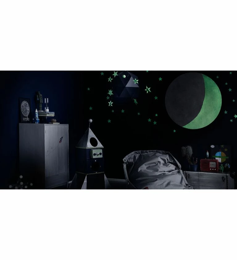 Use matt Taika Glow to create glow in the dark wall and ceiling paintings, or brings individual interior items to life after turning off the lights. Coated with a protective lacquer, you can also use Taika Glow on furniture and floors.
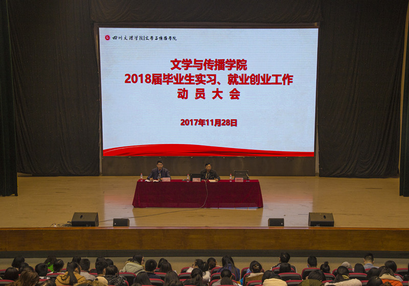 11月28日下午5:30,公司在艺术传媒大楼多功能厅成功召开了“2018届毕业生实习、就业创业工作动员”大会。本次大会由公司党总支副书记张桢老师主持,公司经理杜松柏教授、各教研室主任、各毕业班班主任以及辅导员邓超、文敏熙、孙琪老师出席此次动员大会,2018届毕业班全体员工参与动员大会。
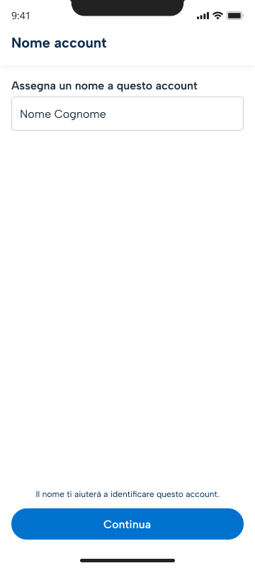 Assegna il “Nome Account” con il quale vuoi memorizzare l’account SPID all’interno dell’app.

**What is required:**
Would you reproduce the listing above in full and exactly, without its pictures?

**Output of the task:**
 Use matt Taika Glow to create glow in the dark wall and ceiling paintings, or brings individual interior items to life after turning off the lights. Coated with a protective lacquer, you can also use Taika Glow on furniture and floors.
 11月28日下午5:30,公司在艺术传媒大楼多功能厅成功召开了“2018届毕业生实习、就业创业工作动员”大会。本次大会由公司党总支副书记张桢老师主持,公司经理杜松柏教授、各教研室主任、各毕业班班主任以及辅导员邓超、文敏熙、孙琪老师出席此次动员大会,2018届毕业班全体员工参与动员大会。
 Assegna il “Nome Account” con il quale vuoi memorizzare l’account SPID all’interno dell’app.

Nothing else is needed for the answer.